SQL Adventures - Flagging Records as Not Found
AKA: Choosing where you filter (WHERE vs JOIN)
I came across an interesting scenario for one of my clients. They have a system which scans database hardware, and then merges the metadata into another database for reporting.
When metadata is pulled, it goes into a harvesting database along with metadata such as which job it was part of, when it was ran, which servers were harvested, etc. After the data is harvested, another process is responsible for updating a target database, which is used by alternate applications for reporting “current status”.

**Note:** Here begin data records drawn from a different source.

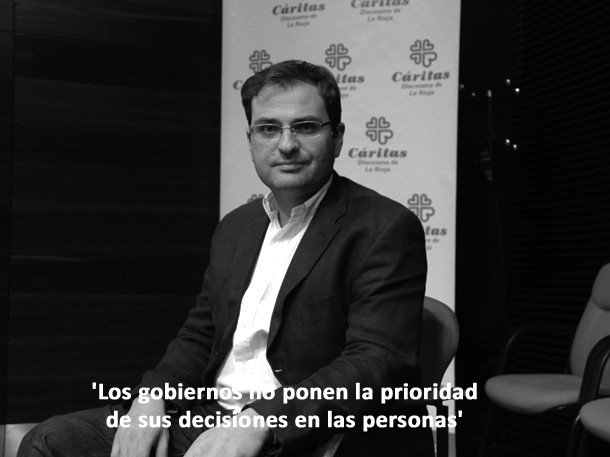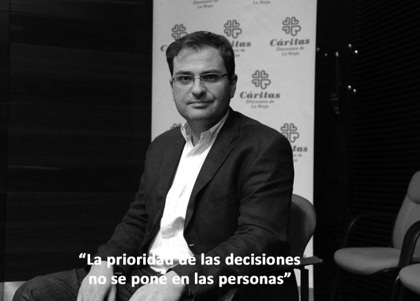 Raúl Flores es miembro del equipo de Estudios de Cáritas Española y uno de los autores del VII Informe Foessa. Un documento que apunta que en España cerca de doce millones de personas viven en exclusión o en riesgo de exclusión social. El dato asusta, se trata del 25 por ciento de la población. En La Rioja, la tasa es del 22,2 por ciento, lo que significa que la población en riesgo de pobreza y exclusión es de más de 71.000 personas y 28.000 hogares. El análisis y las conclusiones del informe señalan también que las crisis no ha afectado a todos por igual, las personas con las rentas más altas las han incrementado durante estos años. La desigualdad social se ha incrementado un 9 por ciento a nivel nacional y un 16 por ciento en La Rioja, según los datos de Cáritas. Con este panel descriptivo sobre la mesa, le preguntamos a Raúl sobre el presente y el futuro.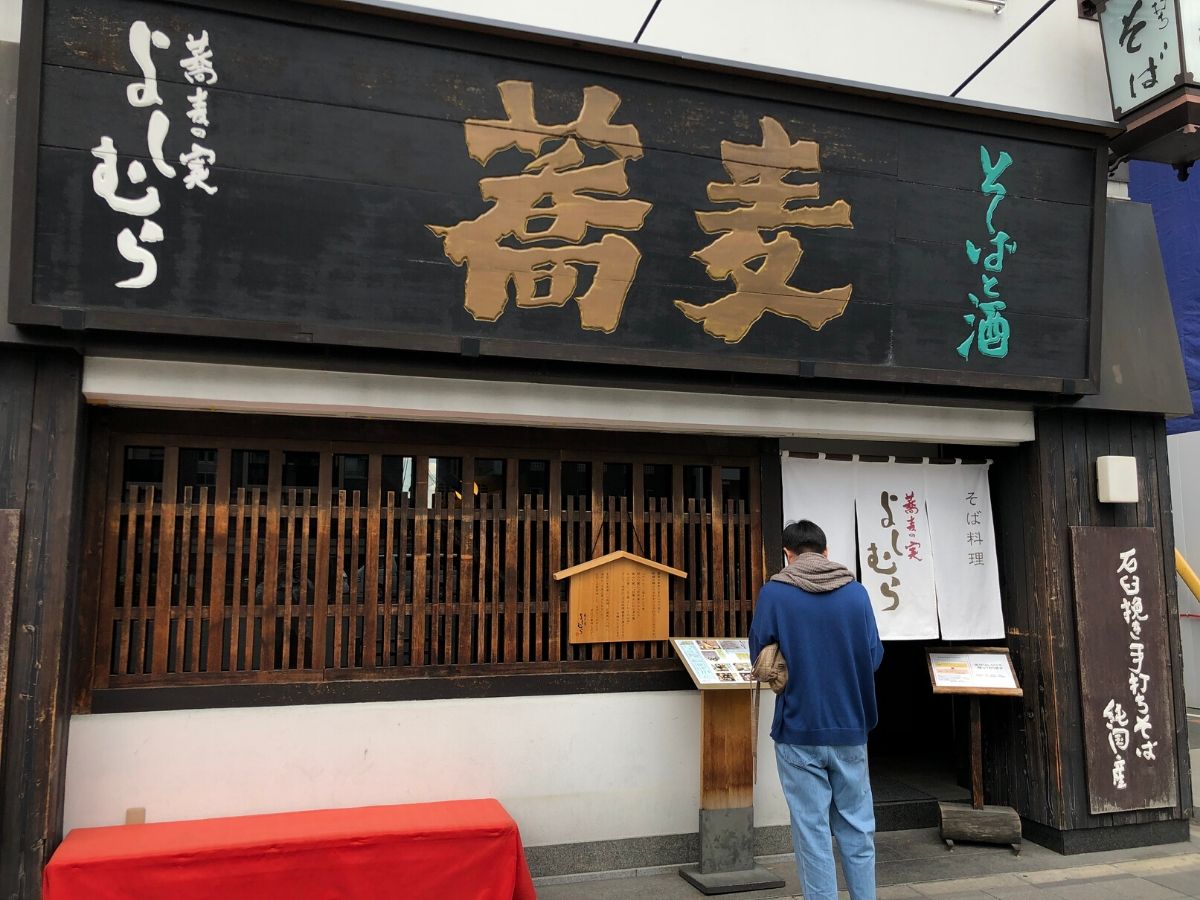 จึงทำให้เราอยากจะรู้แล้วสินะว่าเส้นโซบะแบบดั่งเดิม จะอร่อยแค่ไหน ไปลองกันเลยดีกว่า กับ ร้านโซบะ “Sobanomi Yoshimura” โซบะดั่งเดิมสไตล์เกียวโต การเดินทางมาร้านนี้ไม่ยากเลยครับเพื่อนๆ ใช้รถไฟสาย Karasuma Line มาลงที่ Gojo Station จากนั้นเดินเพียง 3 นาที ก็ถึงร้าน ร้านนี้เป็นชื่อดังของเมืองโตเกียวมากๆ มีคนต่อคิวอยู่ตลอดทั้งวัน ร้านจะเปิดให้บริการสองช่วงเวลาครับ 11:00 - 16:00 และอีกเวลา 17:00 - 21:00 ช่วงที่เราไปประมาณบ่ายโมงกว่า คนต่อแถวเข้าคิวกันอย่างเป็นระเบียบ รอคิวประมาณ 1 ชั่วโมง ก็ถึงเวลาของเรา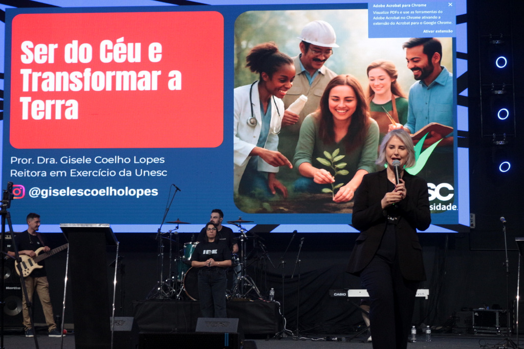 Com o tema “Ser do Céu e Transformar a Terra”, Gisele compartilhou uma mensagem inspiradora sobre o

For simplicity, we’ll keep the operations limited to two tables in a single database: a Scan
table, and a Target
table.
ObjectId
is shared identifier across both tables.
Some Starting Historial Data
Assume that a previous harvest->merge cycle has already put this data into our tables.
Scan Data
ScanId | ObjectId | Name | Type |
---|---|---|---|
1 | 1 | Persons |
Table |
1 | 2 | Name |
Column |
1 | 3 | Zip |
Column |
Target Data
ObjectId | Name | Type | NotFound |
---|---|---|---|
1 | Persons |
Table | NULL |
2 | Name |
Column | NULL |
3 | Zip |
Column | NULL |
Results from a new Scan after the column Zip
was removed
Now assume that between the last run, and this run, somebody removed the Zip
column. Here’s the state of our Scan
table and the Target
table is unchanged. Our task is to ensure that Zip
is marked as NotFound
Scan Data
ScanId | ObjectId | Name | Type |
---|---|---|---|
1 | 1 | Persons |
Table |
1 | 2 | Name |
Column |
1 | 3 | Zip |
Column |
2 | 1 | Persons |
Table |
2 | 2 | Name |
Column |
Take note that even though it wasn’t in this scan, Zip
is still in the table, with ObjectId = 1.
How to identify NotFound
Objects
Here’s the data if you want to follow along
-- TABLES
DECLARE @TargetObjects TABLE (
ObjectId INT NOT NULL,
NAME VARCHAR(20) NOT NULL,
TYPE VARCHAR(20) NOT NULL,
NotFound BIT NULL
)
DECLARE @ScanObjects TABLE (
ScanId INT NOT NULL,
ObjectId INT NOT NULL,
NAME VARCHAR(20) NOT NULL,
TYPE VARCHAR(20) NOT NULL
)
-- DATA
INSERT INTO @TargetObjects
( ObjectId, Name, Type )
VALUES ( 1, 'Persons', 'Table')
, ( 2, 'Name', 'Column')
, ( 3, 'Zip', 'Column')
INSERT INTO @ScanObjects
( ScanId, ObjectId, Name, Type )
VALUES ( 1, 1, 'Persons', 'Table')
, ( 1, 2, 'Name', 'Column')
, ( 1, 3, 'Zip', 'Column')
, ( 2, 1, 'Persons', 'Table')
, ( 2, 2, 'Name', 'Column')
DECLARE @ScanId INT = 2
The Wrong Way
-- The Complete Wrong Way
SELECT
'TargetObjectId' = TargetObject.ObjectId
, 'ScanObjectId' = ScanObject.ObjectId
, 'ScanScanId' = ScanObject.ScanId
, 'Name' = TargetObject.Name
, 'Type' = TargetObject.Type
FROM @TargetObjects AS TargetObject
LEFT JOIN @ScanObjects AS ScanObject
ON TargetObject.ObjectId = ScanObject.ObjectId
WHERE
ScanObject.ObjectId IS NULL
AND ScanObject.ScanId = @ScanId
The final result will give an empty dataset, which is not what we want.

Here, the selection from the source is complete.